Swinburne Institute for Social Research
Democracy & Justice – Special Seminar Wednesday, 17 July, 13:00-15:00, BA912 (Hawthorn Campus)
‘Comparative Contemporary Frontiers’
Alex Young and Timothy Neale
Two brief papers followed by discussion
Discussant: Lorenzo Veracini
Abstract: As the work of Australian settler colonial theorists has begun to make inroads into U.S. scholarship as a paradigm for understanding “Westward expansion,” one region of the U.S. has proven a consistent stumbling block is the Southwestern Borderlands. The site of multiple forms of imperial conquest, the political and cultural formations of the contemporary U.S.-Mexican borderlands stand as something of a palimpsest of competing colonialisms, troubling any attempt to imagine a clear binary between settler and indigenous. Indeed, in one of the most controversial recent monographs, Comanche Empire, Pekka Hämäläinen argues that we must recognize indigenous sovereignties as themselves capable of imperialism.
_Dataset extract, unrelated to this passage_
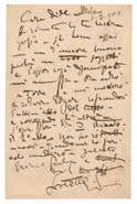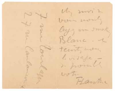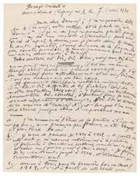 6010. Paul Gauguin Autograph Letter Signed from French Polynesia. ALS in French, one page, 7 x 9, no date (1898-1899). Handwritten letter to art dealer Ambrose Vollard, with Gauguin acknowledging his gift of 200 francs, adding with some irony (translated), “you think without being sure that you can send me 400 francs by the next mail.” Gauguin reminds Vollard that he had sent nothing in August and September, “which is a body-blow for me. The rainy season has started and in order not to sleep underwater I was obliged to have my entire hut re-roofed, so here I am with creditors to whom I had made promises and who think that I lied to them.” He is therefore forced to take on some accountancy jobs “which stupefy me. So you cause me some regrets that I did not deal with someone else. If you don’t have a strong enough constitution to advance me some money, you had better tell me.” In fine condition, with trivial paper loss to the upper left corner tip.

In this paper I will give an overview of recent works of scholarship of the US borderlands in order to explore both how the history of the Southwestern borderlands might serve to trouble the often Manichean applications of settler colonial theory in the U.S. context, but also to consider how the insights of transnational settler colonial studies might serve as an important explanatory tool for some of the borderlands’ more persistent contradictions.
‘Wild Rivers, Wild Time: Resilient Frontiers and Cape York Peninsula’, Timothy Neale, University of Melbourne Abstract: Recently, the Queensland government has begun attempting to ‘replace’ the Wild Rivers Act 2005, a
catchment-based environmental regulation requiring development setbacks from designated waterways. Decried as ‘green tape’ hampering Indigenous futures in the far north, the Act provoked sufficient ire in Cape York Peninsula to attract the attention of federal opposition leader Tony Abbott and, in turn, the interest of several parliamentary inquiries. But under Premier Newman’s administration the Act still survives and has continued to enjoy broad support in the Gulf and Channel country. Why this disparity between regions? This paper suggests that the Wild Rivers controversy should be understood in the context of the persistent failure of the settler project in Cape York Peninsula – its having been, to quote Noel Loos, a site of ‘uncompleted colonisation’ – a failure that has both led to the entrenchment of ‘wildness’ as a constitutive value of the region and, more recently, its availability to claim under native title and Indigenous land legislation. A resiliently remote, ecologically ‘intact,’ comparatively depopulated and majority Indigenous region, the present uses of the Peninsula’s persistent ‘wildness’ places pressure upon binary conceptualisations of the settler- Indigenous problematic and opens up questions about the future of such regions within the settler-colonial nation state.
Biographical notes:
Timothy Neale is a PhD candidate in Cultural Studies at the University of Melbourne, currently engaged in a project concerning Queensland’s Wild Rivers legislation. He has recently published papers in Australian Humanities Review and Griffith Law Review on this topic.
Alex Trimble Young is a Provost’s PhD fellow in the English department at the University of Southern California. His recent publications include an article on Deleuzian rhizomatics and the settler colonial imaginary in Western American Literature entitled ‘Settler Sovereignty and The Rhizomatic West’. With Erik Altenbernd, he is co-editing, a special issue of Settler Colonial Studies on the concept of the frontier in transnational history.
Lorenzo Veracini is at the Swinburne Institute for Social Research. His research focuses on the comparative history of colonial systems and settler colonialism. He has authored Settler Colonialism: A Theoretical Overview (2010). Lorenzo is managing editor of Settler Colonial Studies.